[Stored items from a collection]

[Start of Attachment]

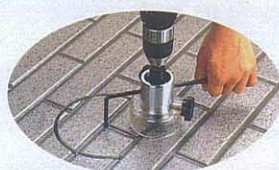
窯業系サイディング スレート・FRP・塩ビ板etc.
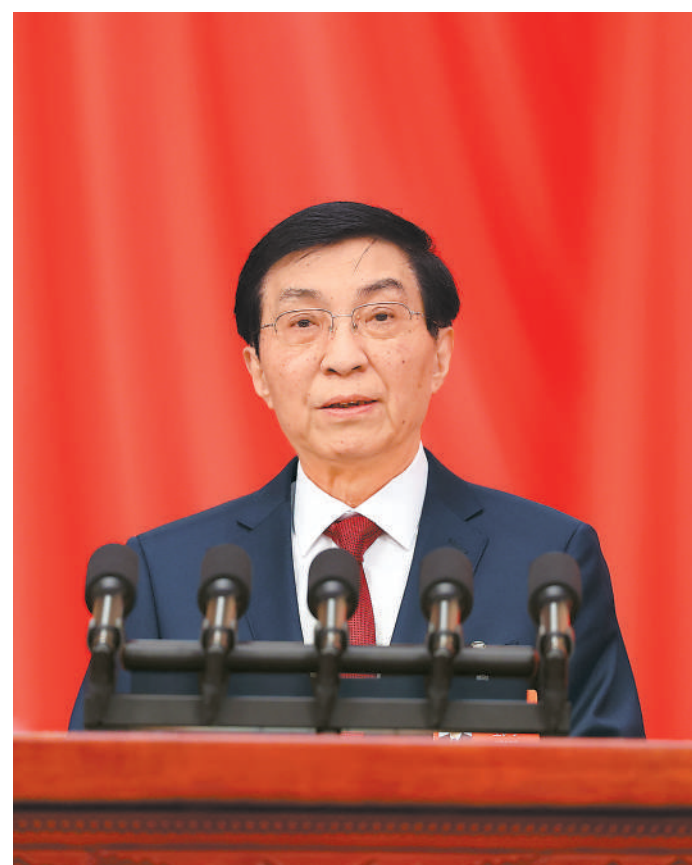
全国政协主席王沪宁代表政协第十四届全国委员会常务委员会,向大会报告工作。新华社记者 姚大伟 摄

人民政协的各党派团体和各族各界人士,为实现“十五五”良好开局广泛凝聚人心、凝聚共识、凝聚智慧、凝聚力量。
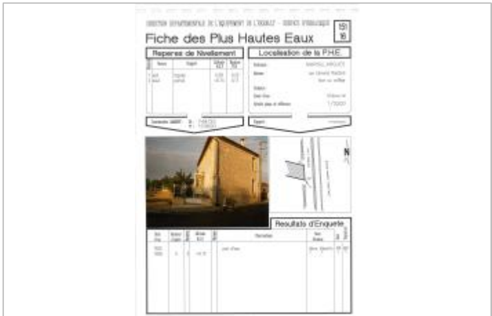
Fiche descriptive d'origine

GÉNÉRAL Code : 26_DDTM34_R_42_1 Date de mise à jour : 23/01/2026 Auteur : SPC MO
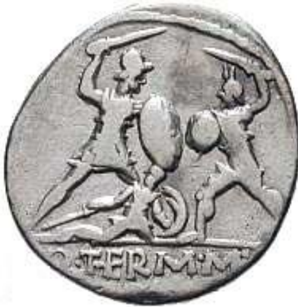
QUINTUS MINUCIUS THERMUS (103 a.C.)
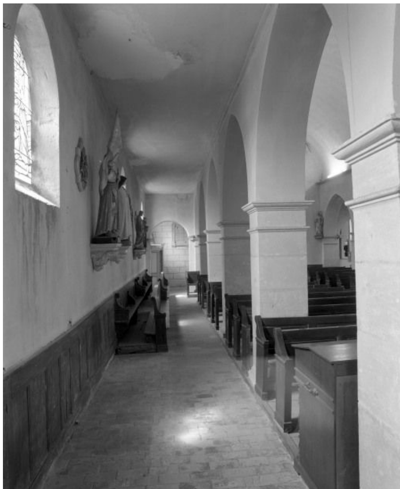
Bas-côté droit. 71, Écuellen Eglise
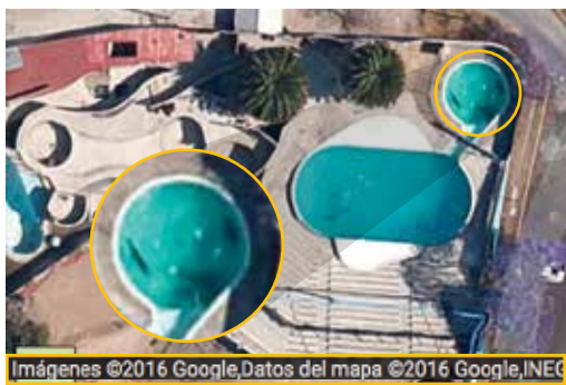
IMAGEN de Google en la que se aprecian los animales (círculo).

EL PARQUE dejó de operar hace 4 años; un encargado dijo a La Razon que en 2015 harían remodelaciones, "pero hoy todo está parado y sólo mantene-mos a dos animales"
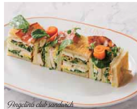
Angelina club sandwich
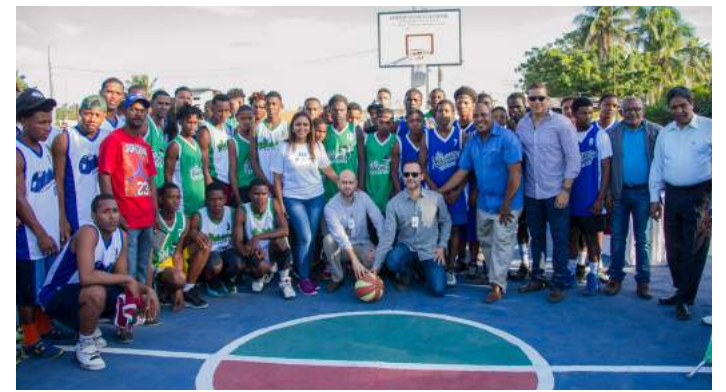
Jóvenes participantes del torneo junto a directivos del CAC e invitados especiales.

[End of Attachment]

[What is needed] Now reproduce all of the entries precisely, with no pictures in the copy.

[Your response]
窯業系サイディング スレート・FRP・塩ビ板etc.
全国政协主席王沪宁代表政协第十四届全国委员会常务委员会,向大会报告工作。新华社记者 姚大伟 摄

人民政协的各党派团体和各族各界人士,为实现“十五五”良好开局广泛凝聚人心、凝聚共识、凝聚智慧、凝聚力量。
Fiche descriptive d'origine

GÉNÉRAL Code : 26_DDTM34_R_42_1 Date de mise à jour : 23/01/2026 Auteur : SPC MO
QUINTUS MINUCIUS THERMUS (103 a.C.)
Bas-côté droit. 71, Écuellen Eglise
IMAGEN de Google en la que se aprecian los animales (círculo).

EL PARQUE dejó de operar hace 4 años; un encargado dijo a La Razon que en 2015 harían remodelaciones, "pero hoy todo está parado y sólo mantene-mos a dos animales"
Angelina club sandwich
Jóvenes participantes del torneo junto a directivos del CAC e invitados especiales.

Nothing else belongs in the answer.